Pharaoh (Jack Howard 7) by Gibbins David

Pharaoh (Jack Howard 7) by Gibbins David

Author:Gibbins, David [Gibbins, David]
Language: eng
Format: mobi, epub
Publisher: Headline
Published: 2013-05-22T23:00:00+00:00


15

Mayne opened the tent flap and stepped outside, waiting for Kitchener to collect the map case and join him. He walked a few paces into the desert, relishing the fresh air after the smoky atmosphere inside, breathing in deeply and smelling the coppery tang the sand exuded after a day in the burning sun, a smell like blood. After the heat of the afternoon the encampment beside the Nile was beginning to stir again, and the soldiers who would make up the desert column were preparing for departure the next day. In the marshalling ground to the south he could hear the snorting and bellowing of more than three thousand camels, along with curses and yells that showed the inexperience of the men who had been detailed to handle them. Beside the river the naval contingent were cleaning and oiling their Gardner machine gun, an unwieldy weapon mounted on a carriage that had already shown its vulnerability to sand and dust. In the distance he could hear the crackle of musketry from the rifle range as the infantry sharpened their skills for what might lie ahead. The picquets of dismounted cavalry he could see on the ridges were a reminder that although Khartoum and the Mahdi were two hundred miles away, dervish spies were everywhere and the troops were vulnerable to sharpshooters and suicide attacks. It was a lesson that the soldiers in the river column had learned all too well the previous day, and one that the desert column would confront soon enough as they struck out across the desolate wasteland to the south.

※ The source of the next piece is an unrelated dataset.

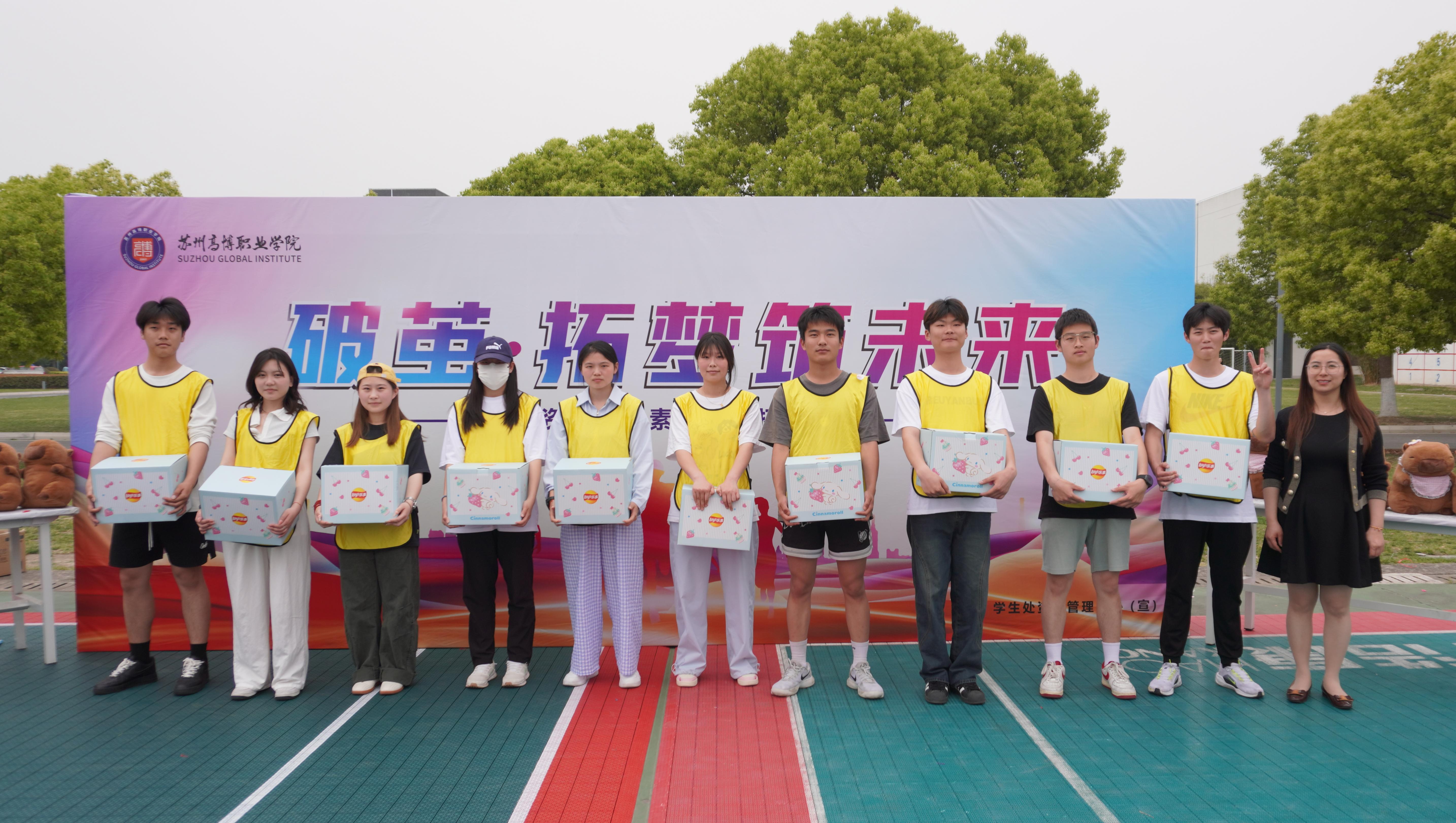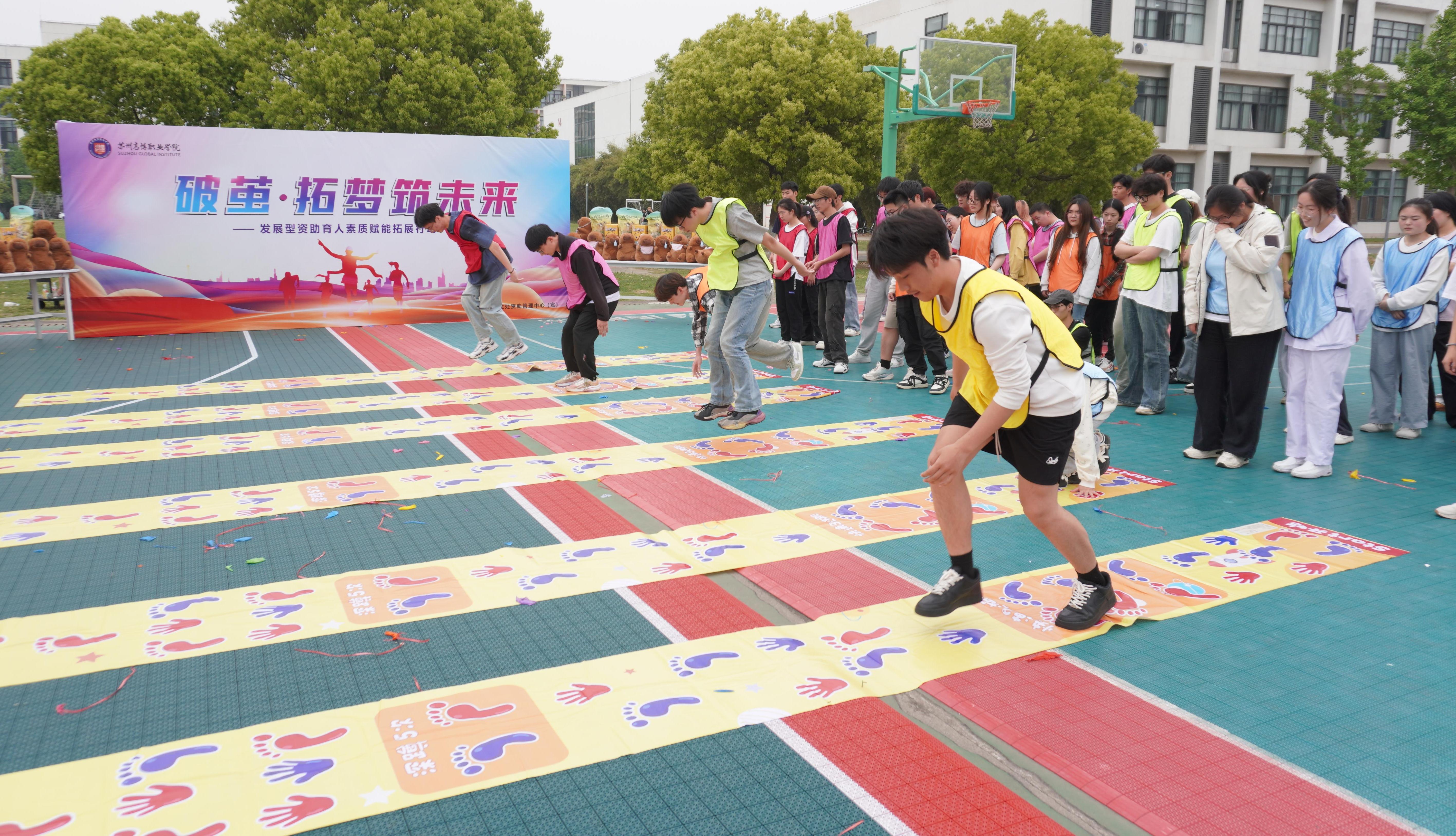 4月24日下午,学生处资助管理中心在校内体育场参加了一场素质拓展系列活动,学生处处长邹艳星、副处长周萍、各二级学院资助负责老师及60名受助学生代表一同参加。

The sand turned blood-red as the rays of the setting sun streaked across from the south-west. Soon it would be a dazzling spectacle, deep oranges and maroons, the ridges and knolls of the desert framed black as the orb of the sun dropped below the horizon. He remembered first seeing a desert sunset three years before, one evening alone at the pyramids of Giza, when he had arrived in Egypt to carry out intelligence work in the wake of the British invasion. That was when he had first come south, too, though only as far as the border of Egypt at Aswan, before the first cataract of the Nile. The ruins he had seen at sunset there had seemed to draw him further on, and he had tried to imagine what it had been like for those who had gone before, for the ancient Egyptians, the Romans, the Arabs: what it was that had made them go against the flow of the Nile and travel into the land that would so often become their grave. During evenings sitting above the ruins, he had felt as if the red rays were reaching out across the sand, pulling him towards the setting sun and into the dangerous darkness that followed. He thought it had helped him to understand Gordon, to see what it was that could take a man like that and put him in a place that seemed beyond the edge of the world.